**Assignment:**
Of the lines in the data below, write out exactly those from the one holding "這聯寫的是 : 風生碧澗魚龍躍 , 月照青山松柏香 。" through the one holding "Για OPPO A78", both included.

**Given entries:**
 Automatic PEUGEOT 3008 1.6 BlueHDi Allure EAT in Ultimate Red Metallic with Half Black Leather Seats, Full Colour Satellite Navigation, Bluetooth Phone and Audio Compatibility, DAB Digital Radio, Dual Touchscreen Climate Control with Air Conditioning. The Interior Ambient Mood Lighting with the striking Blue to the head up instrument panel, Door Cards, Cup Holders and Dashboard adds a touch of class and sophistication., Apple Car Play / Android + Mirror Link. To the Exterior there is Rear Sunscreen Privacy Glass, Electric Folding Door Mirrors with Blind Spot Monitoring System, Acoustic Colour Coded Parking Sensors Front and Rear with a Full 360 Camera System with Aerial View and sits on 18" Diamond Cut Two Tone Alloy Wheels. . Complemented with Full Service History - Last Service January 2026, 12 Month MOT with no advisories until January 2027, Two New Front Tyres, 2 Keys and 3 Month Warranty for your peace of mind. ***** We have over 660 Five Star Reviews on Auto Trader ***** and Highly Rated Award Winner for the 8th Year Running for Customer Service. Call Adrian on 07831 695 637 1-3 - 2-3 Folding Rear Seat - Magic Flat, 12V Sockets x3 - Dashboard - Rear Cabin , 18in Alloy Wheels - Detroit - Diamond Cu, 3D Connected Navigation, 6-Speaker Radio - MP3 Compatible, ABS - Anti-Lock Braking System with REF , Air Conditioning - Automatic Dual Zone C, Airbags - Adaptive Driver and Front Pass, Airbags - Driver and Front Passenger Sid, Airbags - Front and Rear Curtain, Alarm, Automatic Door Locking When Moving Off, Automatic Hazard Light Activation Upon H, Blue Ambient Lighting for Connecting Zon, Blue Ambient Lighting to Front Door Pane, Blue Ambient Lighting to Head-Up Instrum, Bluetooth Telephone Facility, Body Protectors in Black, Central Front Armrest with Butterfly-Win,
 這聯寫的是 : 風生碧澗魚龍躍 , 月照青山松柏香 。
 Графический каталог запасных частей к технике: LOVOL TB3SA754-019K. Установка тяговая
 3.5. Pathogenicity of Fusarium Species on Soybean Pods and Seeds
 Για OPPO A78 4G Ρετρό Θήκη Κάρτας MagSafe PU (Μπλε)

==

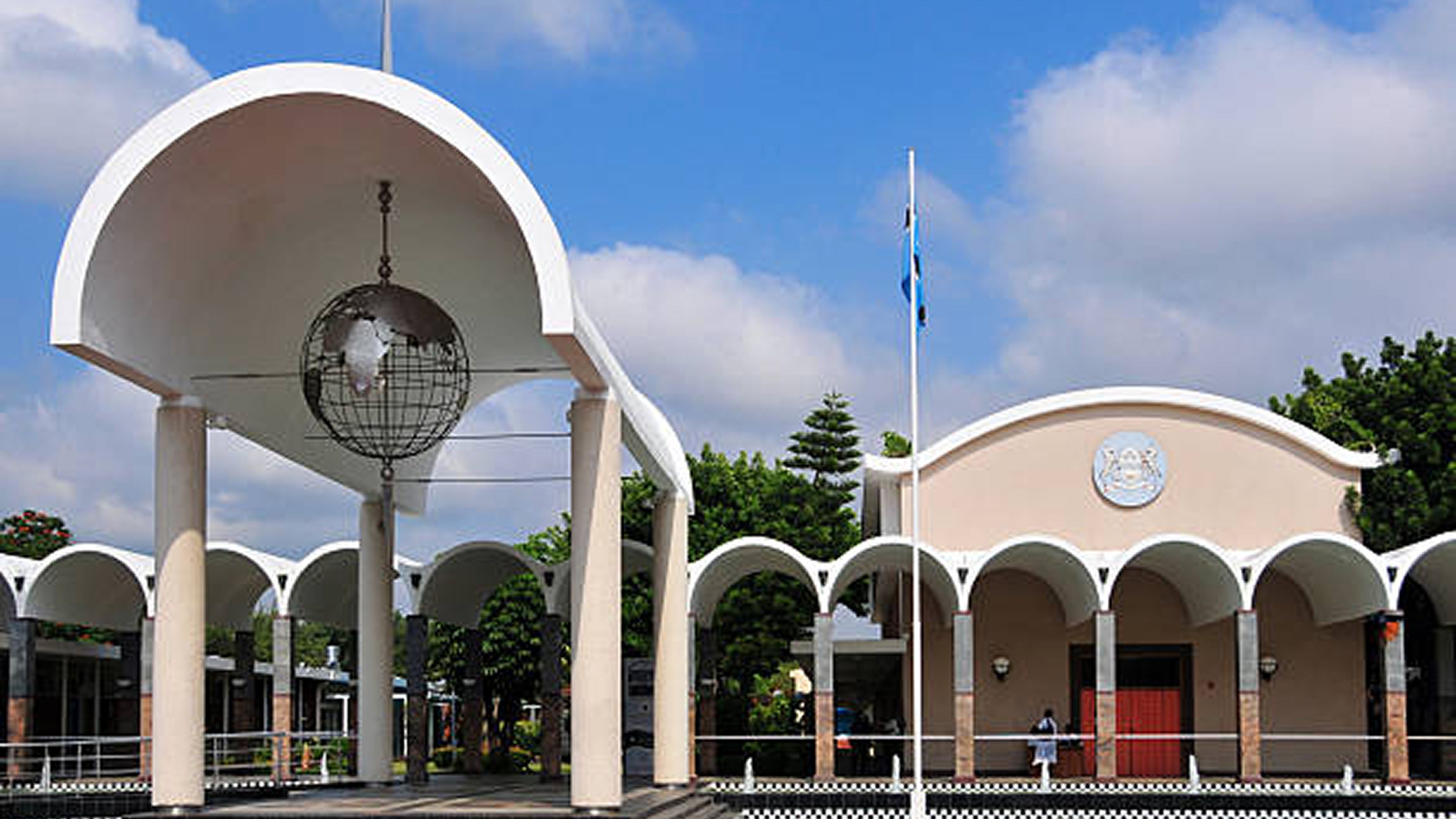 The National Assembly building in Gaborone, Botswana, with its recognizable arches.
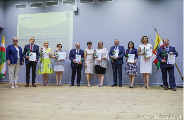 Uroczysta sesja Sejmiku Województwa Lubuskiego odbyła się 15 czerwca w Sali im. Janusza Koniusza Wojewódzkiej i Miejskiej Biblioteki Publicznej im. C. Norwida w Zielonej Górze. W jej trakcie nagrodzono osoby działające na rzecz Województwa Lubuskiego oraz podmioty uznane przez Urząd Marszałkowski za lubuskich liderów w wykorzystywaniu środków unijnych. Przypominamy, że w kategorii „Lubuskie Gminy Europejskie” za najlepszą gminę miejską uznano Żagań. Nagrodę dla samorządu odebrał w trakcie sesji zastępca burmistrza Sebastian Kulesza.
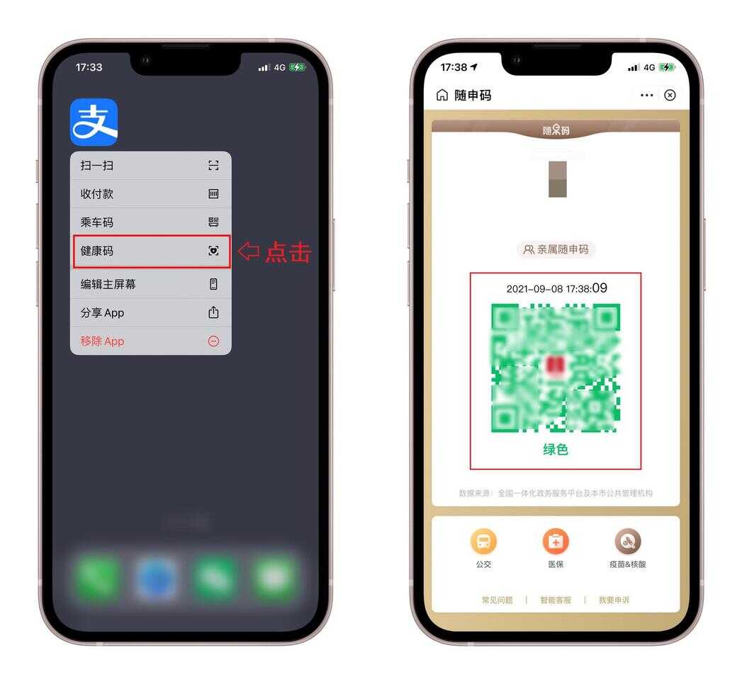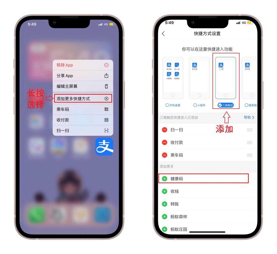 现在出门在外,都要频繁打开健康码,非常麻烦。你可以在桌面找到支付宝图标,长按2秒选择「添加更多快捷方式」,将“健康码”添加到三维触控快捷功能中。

...

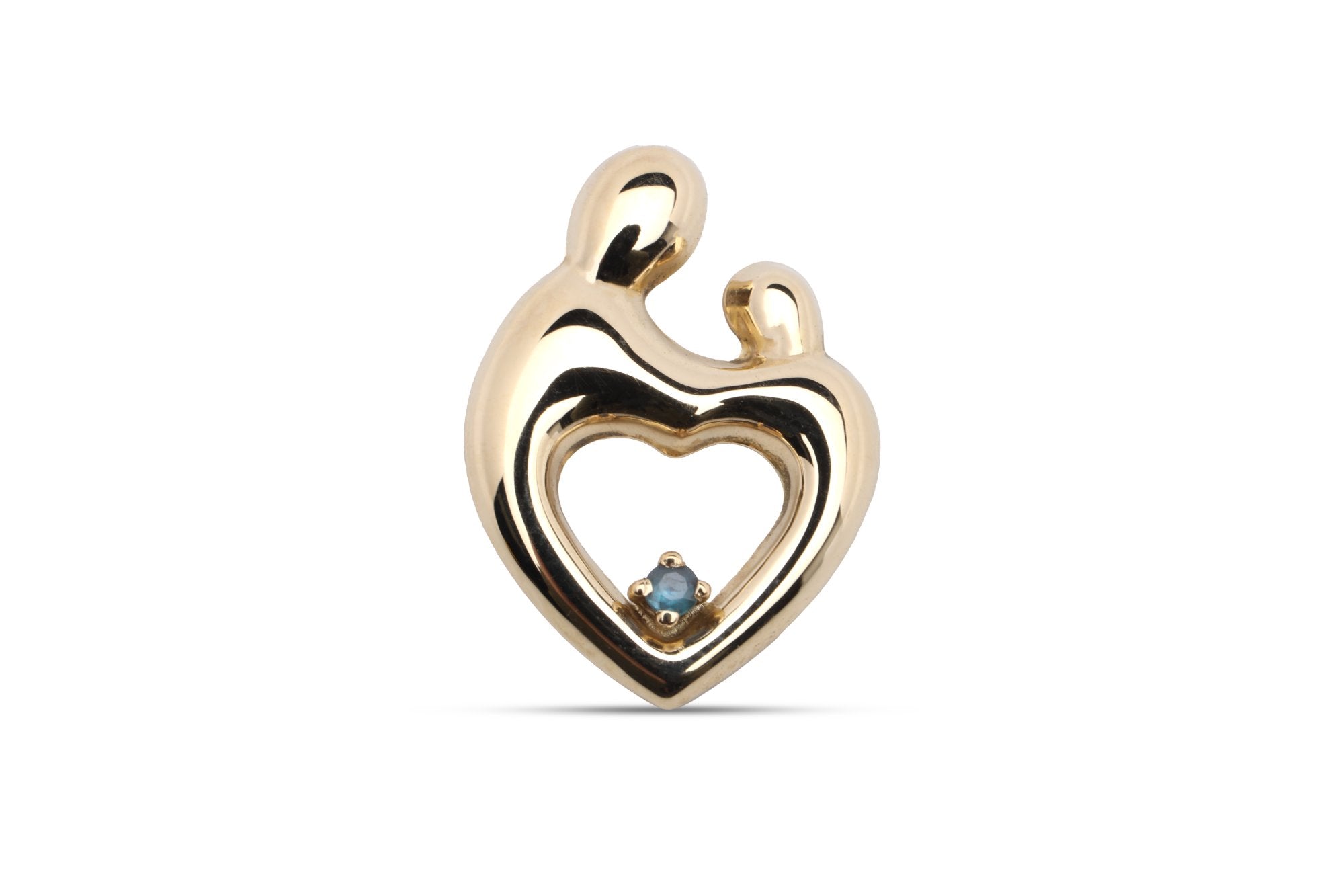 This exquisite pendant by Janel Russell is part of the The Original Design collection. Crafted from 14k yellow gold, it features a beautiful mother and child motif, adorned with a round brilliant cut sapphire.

**Answer section:**
 這聯寫的是 : 風生碧澗魚龍躍 , 月照青山松柏香 。
 Графический каталог запасных частей к технике: LOVOL TB3SA754-019K. Установка тяговая
 3.5. Pathogenicity of Fusarium Species on Soybean Pods and Seeds
 Για OPPO A78 4G Ρετρό Θήκη Κάρτας MagSafe PU (Μπλε)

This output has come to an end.